INPUT DATA section start
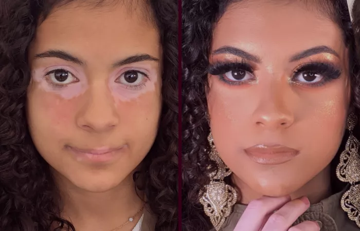 Demonstração de maquiagem na prática maquiando uma modelo com vitiligo que gostaria de cobrir as manchas.
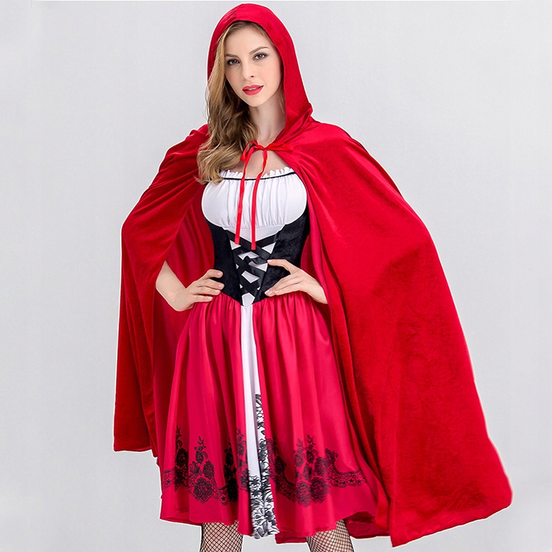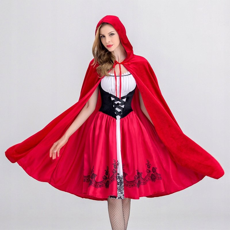 В комплект входит: красная накидка с капюшоном и шнуровкой, лиф корсетного типа (корзина, бедра и чулки в комплект не входят).
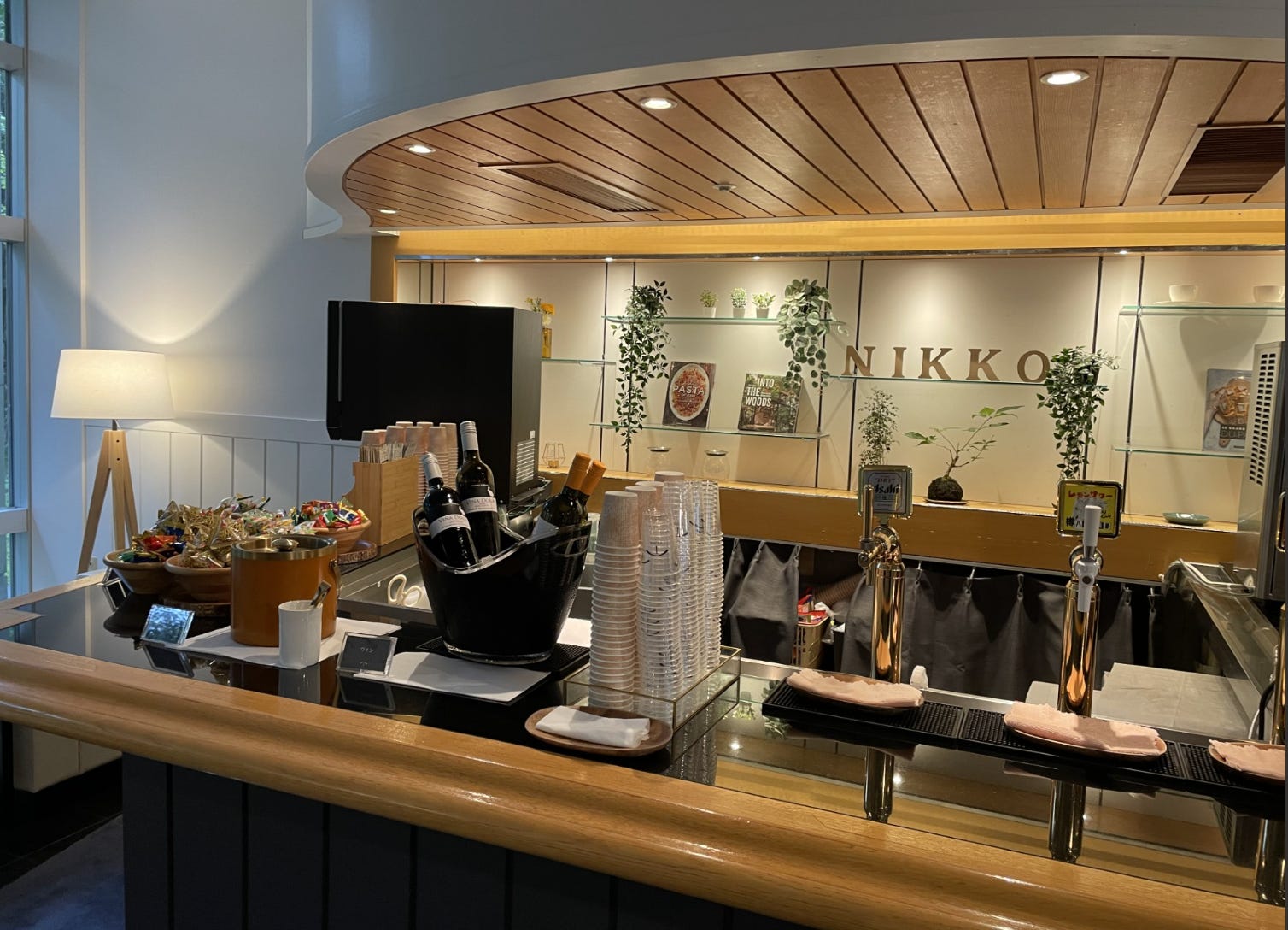 Notice the vending machines on the left. AFAIK, Japan has by far the world’s best vending machines. (I’ve never been to Korea.) Society doesn’t panic at the thought that a young person might be able to secretly obtain some tobacco or alcohol from vending machines. (In America, you need an ID to buy O’Douls.) In our hotel in Nikko, there was a self-serve bar with no attendant watching over you, which had beer, wine, coffee, various nuts and soft serve ice cream:
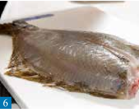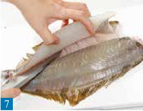比目鱼鱼身又薄又平,身体较宽。要切成上侧两片,下侧两片、中骨,总共5片。
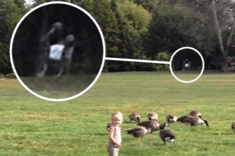 #평화로운 성을 배경으로 찍은 아기와 오리사진 뒤에 나타난 유령의 형상들
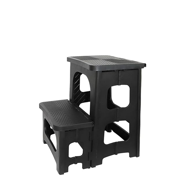 GOODCHI 踏み台 脚立 折りたたみ式 ステップ台 2段 ポリカーボネート製 耐荷重150kg 高さ43cm 軽量 滑り止 折りたたみチェア 玄関台 洗車 踏み台 (ブラック)
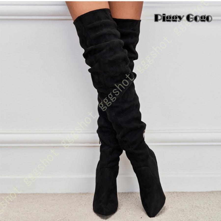 ブーツ レディース ポインテッドトゥ ピンヒール ハイヒール ニーハイ ストレッチ マイクロファイバ・・・
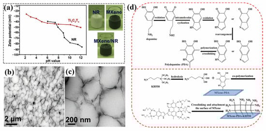 (a) Negative Zeta potentials of Ti3C2Tx suspensions and NR latex (Reprinted with permission from Ref. [20]. Copyright 2019, copyright Elsevier). (b,c) Transmission electron microscopy images of the network structure of MXene/NR (Reprinted with permission from Ref. [20]. Copyright 2019, copyright Elsevier). (d) Diagram of reaction of dopamine self-polymerization on surface of MXene and grafting of KH550 (Reprinted with permission from Ref. [46]. Copyright 2021, copyright Elsevier).
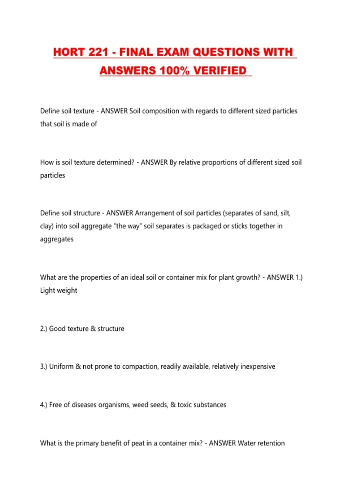 HORT 221 - FINAL EXAM QUESTIONS WITH ANSWERS 100% VERIFIED ...
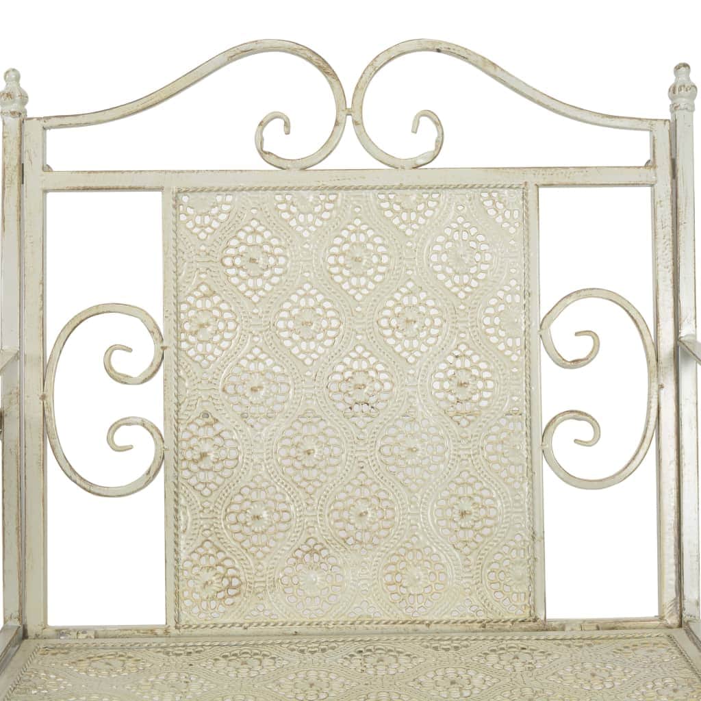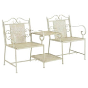 This vintage-style outdoor loveseat will make a practical as well as decorative addition to your garden! The two-seater in British style is made of powder-coated steel, which makes it very stable, durable, and rust resistant. The fancy hand-painted decorations and the rusted finish will make this stylish garden bench stand out in any garden or on any patio or balcony. The integrated table and lower shelf between the seats are ideal for drinks, food, books, and any other items you'd like to keep within reach. Have a nice, intimate conversation with your loved one on this chic love seat!
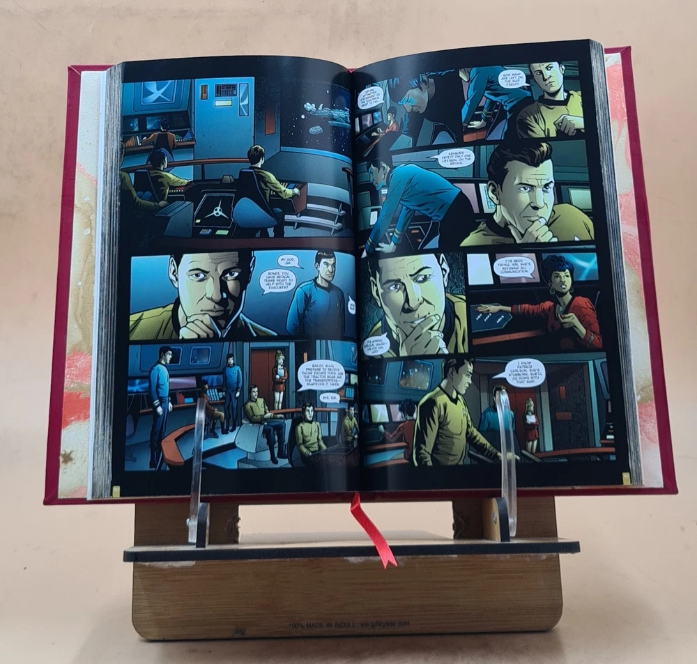 GYAN BOOKS INTRODUCING A REMARKABLE LEATHER-BOUND EDITION, METICULOUSLY CRAFTED BY THE ESTEEMED INSTITUTION " RARE BIBLIO". This title holds the distinction of being a Bestseller, highly praised by readers across the GLOBE. We are thrilled to present this literary gem exclusively to our elite readers, meticulously encased in our one-of-a-kind Premium Leather Binding . Following your order, we purchase the book from the original publisher/distributor and embark on the process of rebinding to elevate this book to a Luxurious Reading Style. A UNIQUE LEATHER-BOUND BOOK FOR ELITE READERS/COLLECTORS OF OLD RARE AND BESTSELLING BOOKS. For the Binding, we use GENUINE LEATHER , graced with opulent GOLDEN LEAF DETAILING on the SPINE , FRONT COVER , AND BACK COVER , ADDED BY EDGE GILDING . ABOUT US ★ We deal into reprinting of the master pieces crafted by authors around the world. ★ We are proud to say that we have a collection of over 25 million books and our collection includes books that are as old as 200 years and hence are considered as RARE BOOKS. ★ We are pioneer in this field having experience of 40 years. ★ We also undertake printing and Leather Binding jobs of other books. ★ Thesis printing and Leather Binding is one of our important Service ★ Many publishers and author approach us for their books to bind in our Unique leather binding format for their special customers. ★ Our craftsmen are active in this job since generations. ★ Restoration of old books is our expertise ★ We are known by our Customization options. ★ We have many leather color options in our bucket. ★ The whole process is done manually so that it gives you the same feeling of old book. OFFERS & SPECIALIZATION: ★ SPECIAL DISCOUNT FOR BULK ORDERS, PLEASE CONTACT US. ★ CHOOSE ANY LEATHER COLOR OF YOUR CHOICE WITHOUT ANY EXTRA CHARGES, JUST CLICK ON IMAGES FOR OPTIONAL COLORS AND INFORM US YOUR CHOICE THROUGH MAIL WITH COLOR CODE. ★ WE OFFER A DIVERSE RANGE OF LEATHER COLORS, INCLUDING RED , GREEN , BLUE , BLACK, MAGENTA , YELLOW , TAN . WE ALSO OFFER MULTI-COLOR LABELS WITH THESE BEAUTIFUL BOOKS ON SPECIAL REQUEST. ★ AN ORIGINAL LEATHER IS BEING USED FOR BINDING THIS BOOK WITH GOLDEN LEAF PRINTING AND DESIGNING ON SPINE, FRONT AND BACK OF THE BOOK WITH EDGE GILDING . Points to note before booking order: ★ In case of multi volume sets, please note that the above listing is for a single volume only. (To order multiple volumes, please contact us separately). ★ We urge you to appreciate that our Leather-Bound Books are Genuine works of art and are Handcrafted by our Professional Craftsmen. Thus, requiring time and care to reach the pinnacle of excellence. ★ We Prepare the Book after receiving the Order. ★ We usually take 30 business days as handling time to dispatch shipment. ★ We request you to understand that these leather-bound books are work of art and hence require time to go through different process to be the master pieces that they are. ★ We usually take 30 business days as handling time to dispatch shipment. We consider special request for a special occasion. ★ Craftsman based in India, prepared this book and shipped from different stock locations around the Globe. Product Details: - ★ Complete Title: Star Trek Library Collection, Vol. 1 by Johnson, Mike & Orci, Roberto & Kurtzman, Alex [PREMIUM LEATHER BOUND] ★ Author: Johnson, Mike & Orci, Roberto & Kurtzman, Alex ★ Language: English ★ No. Of Pages: 296 ★ Year: 2023 ★ We provide ?Extra customization*? on request with additional charges. ★ We also undertake printing and Leather Binding of all the books. ★ Product Disclaimer: Please be aware that because leather is a natural material, slight discoloration or change in texture may be visible. About the Book: - Delve into the history of over 400 issues of IDW's Star Trek comics! Discover series you may have missed or revisit some old favorites from the Original Series, The Next Generation, Kelvin Timeline, and more! The Star Trek Library Collection is a comprehensive line of books that will collect every comic series published by IDW! Starting with the Kelvin Timeline and the prequel that led into the 2009 Star Trek movie, Countdown details the origin of the mysterious Nero, the Romulan that ultimately threatened the survival of the entire universe! Then, in Nero, find out what he did in those cold, dark, lonely years spent waiting for his nemesis to arrive. Both brought to you by Roberto Orci, Alex Kurztman, Mike Johnson, Tim Jones, and David Messina. In Spock: Reflections, the follow-up to Countdown, discover what could drive a man to abandon all he knows and go live with the Federation's sworn enemy, his real motivations, and what brought him to this place in his life. A Vulcan on Romulus? Absurd! Or is it? By Scott Tipton, David Tipton, and David Messina.
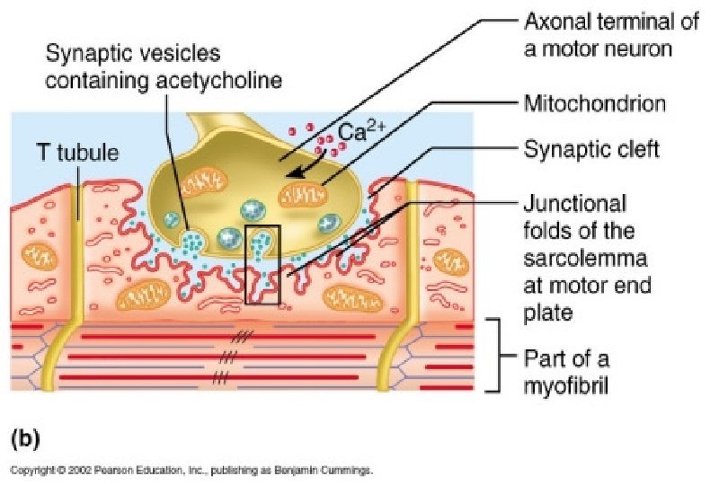 Regulation of Contraction • In order for a nerve impulse to trigger a muscle response, the impulse must travel over the gap (neuromuscular junction) junction where two cells meet. (neuron and muscle) • In the gap (extracellular space = synapse) synapse are sacs containing the neurotransmitter - acetylcholine (Ach).
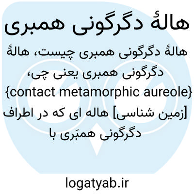 {contact metamorphic aureole} [زمین شناسی] هاله ای که در اطراف دگرگونی همبَری با فواصلی بین چند سانتی متر تا چند کیلومتر از تودۀ نفوذی به صورت زون بندی مشاهده می شود
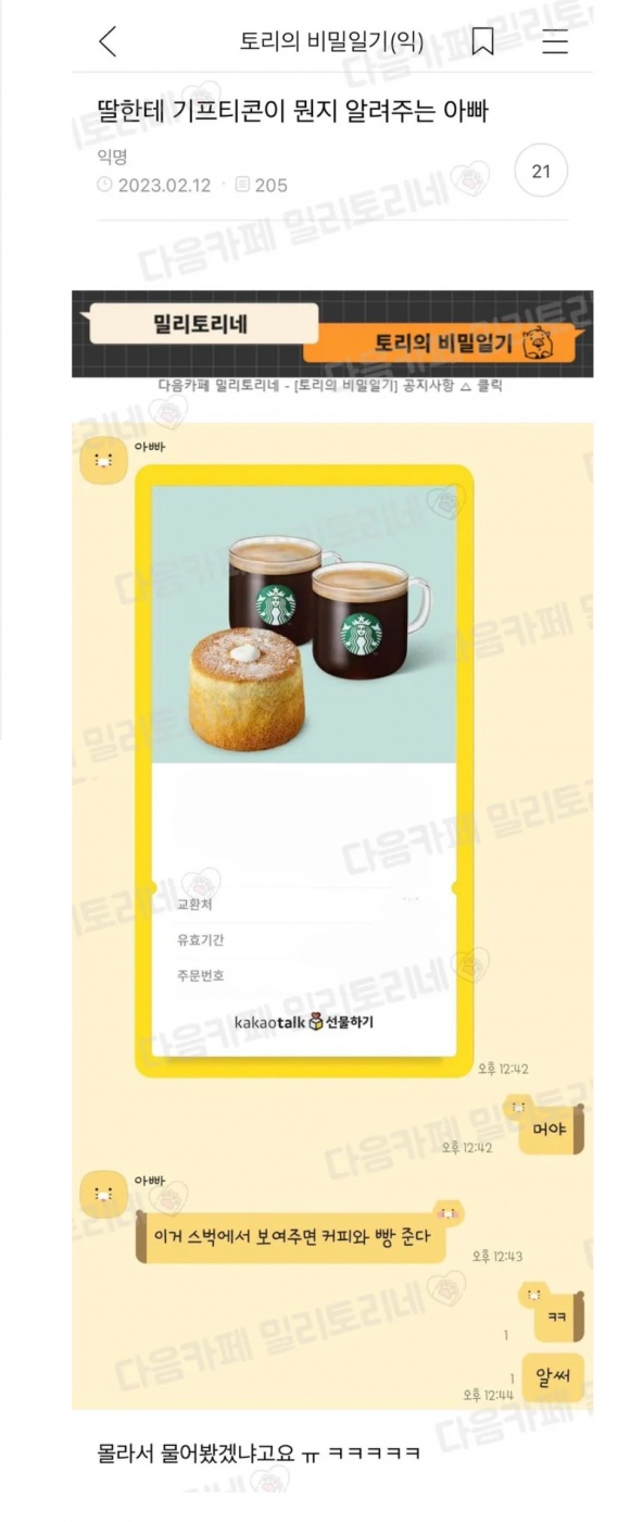 | Subject | 딸한테 기프티콘이 뭔지 알려주는 아빠 |
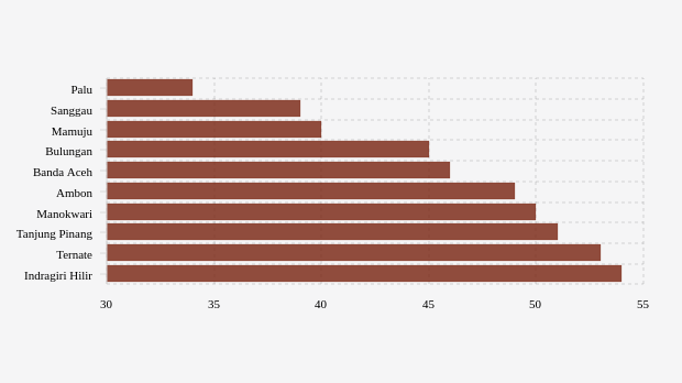 - Ternate (Maluku Utara): 53
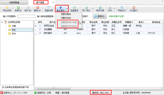 亞拓管理軟件、信管飛送貨單軟件、信管飛倉庫管理軟件等都支持批量維護客戶信息,可批量維護客戶信息的名稱、聯系人、電話、地址等信息。另外軟件中也支持設置操作員不可批量維護客戶信息,本篇文章我們以信管飛送貨單軟件為例詳細介紹一下如何設置操作員不可批量維護客戶信息? 在功能導航窗點“系統管理”—》“操作員及授權”即可進入“操作員管理及授權”界面,選中操作員賬號,在“其他操作權限”界面將“可批量維護客戶信息”權限打鉤取消,然后保存權限設置,如下圖1所示,設置操作員“張三”沒有“可批量維護客戶信息”權限。圖1 操作員管理及授權界面&
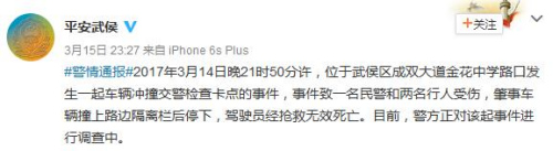 中新網(wǎng)3月16日電 據(jù)成都市公安局武侯區(qū)分局官方微博消息,2017年3月14日晚21時(shí)50分許,四川成都武侯區(qū)成雙大道金花中學(xué)路口發(fā)生一起車輛沖撞交警檢查卡點(diǎn)的事件,事件致一名民警和兩名行人受傷,肇事車輛撞上路邊隔離欄后停下,駕駛員經(jīng)搶救無效死亡。
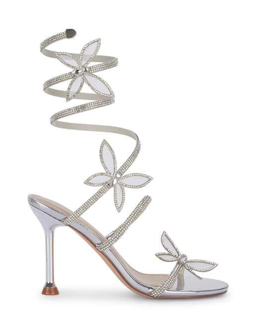 SEQWL Strappy high heel stiletto shoes slip on party sandals in silver
INPUT DATA section end
Both ends included, copy word for word the lines from the top of the entries above through the line with "В комплект входит: красная". No pictures.

 Demonstração de maquiagem na prática maquiando uma modelo com vitiligo que gostaria de cobrir as manchas.
 В комплект входит: красная накидка с капюшоном и шнуровкой, лиф корсетного типа (корзина, бедра и чулки в комплект не входят).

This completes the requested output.